Cost models form the basis for many optimization decisions. The cost parameters are typically the size of the (intermediate) results and response time. Alternatively, they are running aggregates, e.g. max memory and total execution time, obtained from a simulated run. The current implementation contains a framework and an example for building your own cost-based optimized.
The optimizer.costModel()
works its way through a MAL program in
search for relational operators and estimates their result size. The
estimated size is left behind as the property rows.
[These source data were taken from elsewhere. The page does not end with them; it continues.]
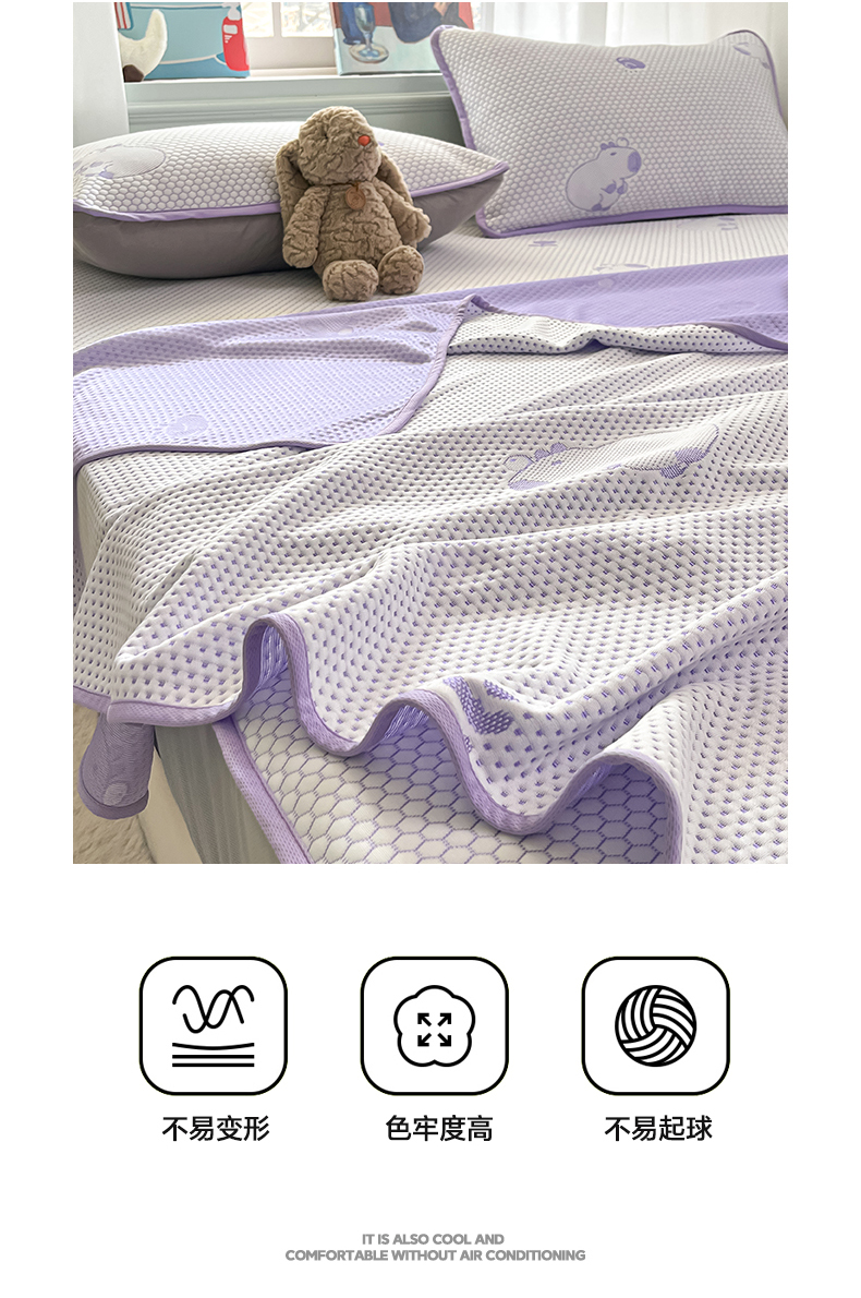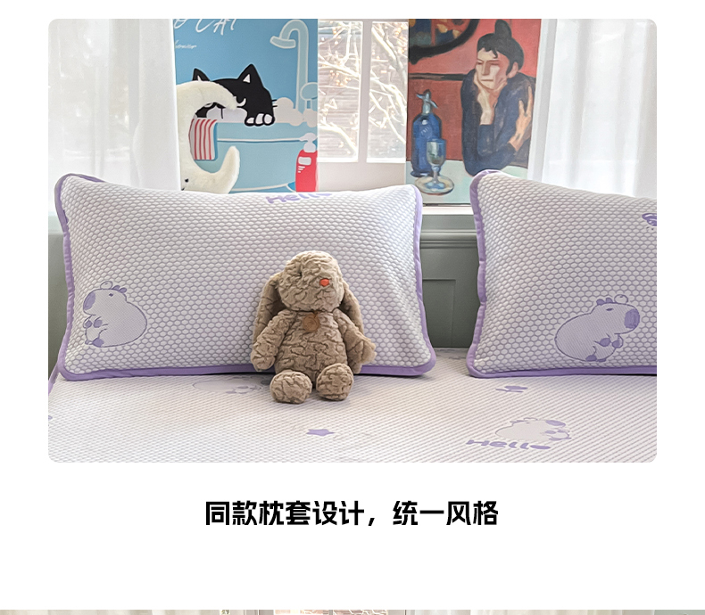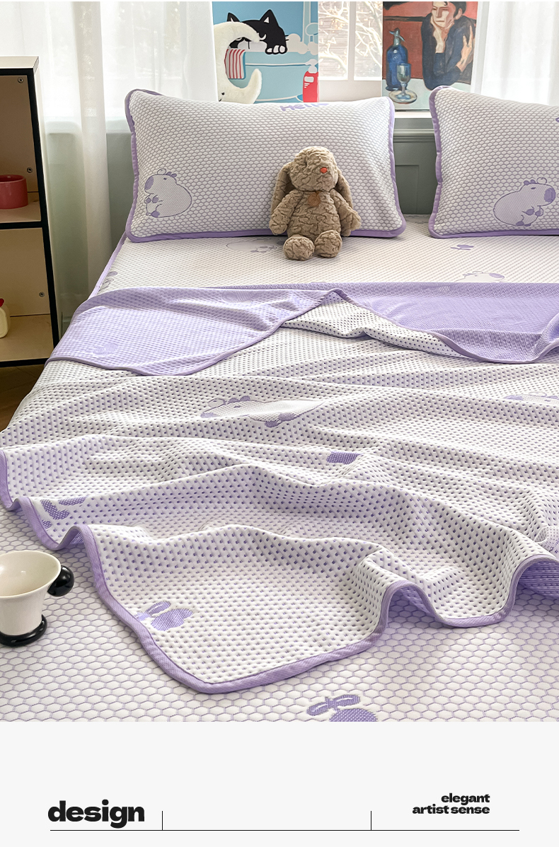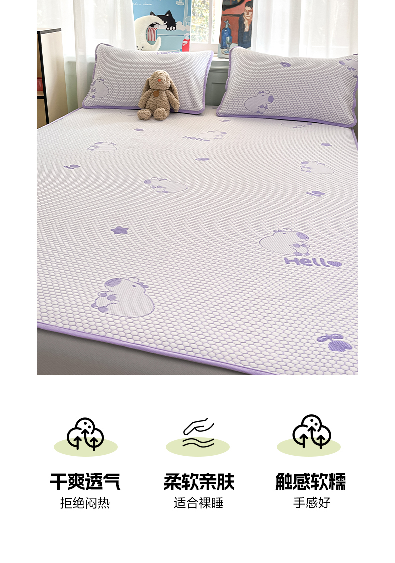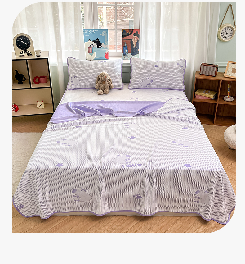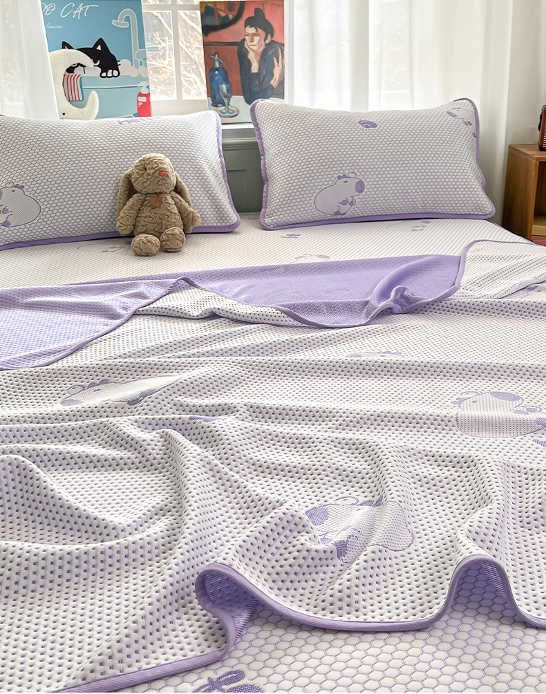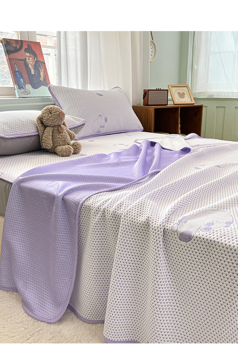 商品名称:绘萱家居 2025爆款冰凉豆豆凉席夏被四件套三件套床笠款冰丝软席子 卡皮巴拉-紫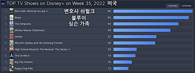 디즈니플러스 미국 2022년 35주차 TV 부문 TOP 10 ⓒOTT뉴스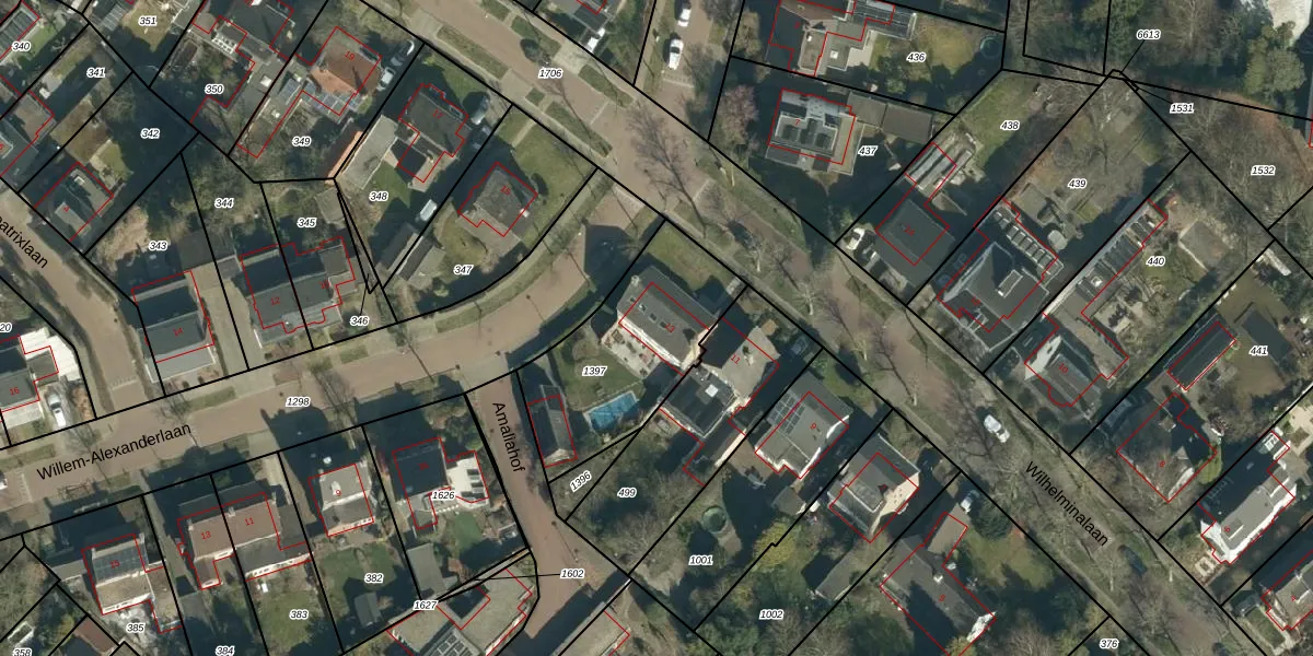 Het perceel waarop Wilhelminalaan 13 staat heeft een oppervlakte van 643 m². Dit is een groot perceel. De perceeloppervlakte wordt geregistreerd door het Kadaster. Gedetailleerde informatie over de maten van dit perceel kunt u vinden in het rapport Kadastrale kaart met maatvoering van Wilhelminalaan 13.

r{rows=100} := bat.new(:oid,:int);
s{rows=1000}:= bat.new(:oid,:int);
rs:= algebra.select(s,1,1);
rr:= bat.reverse(r);
j:= algebra.join(rs,rr);
optimizer.costModel();
changes the properties of the instructions as follows:
r{rows=100} := bat.new(:oid,:int);
s{rows=1000} := bat.new(:oid,:int);
rs{rows=501} := algebra.select(s,1,1);
rr{rows=100} := bat.reverse(r);
j{rows=100} := algebra.join(rs,rr);
The cost estimation does not use any statistics on the actual data
distribution yet. It relies on the rows property provided by the
front-end or other optimizers. It just applies a few heuristic cost
estimators. However, it ensures that empty results are only tagged
with rows=0
if the estimate is accurate, otherwise it assumes at
least one result row. This property makes it possible to safely pass
the result of the cost estimation to the emptySet optimizer for code
reduction.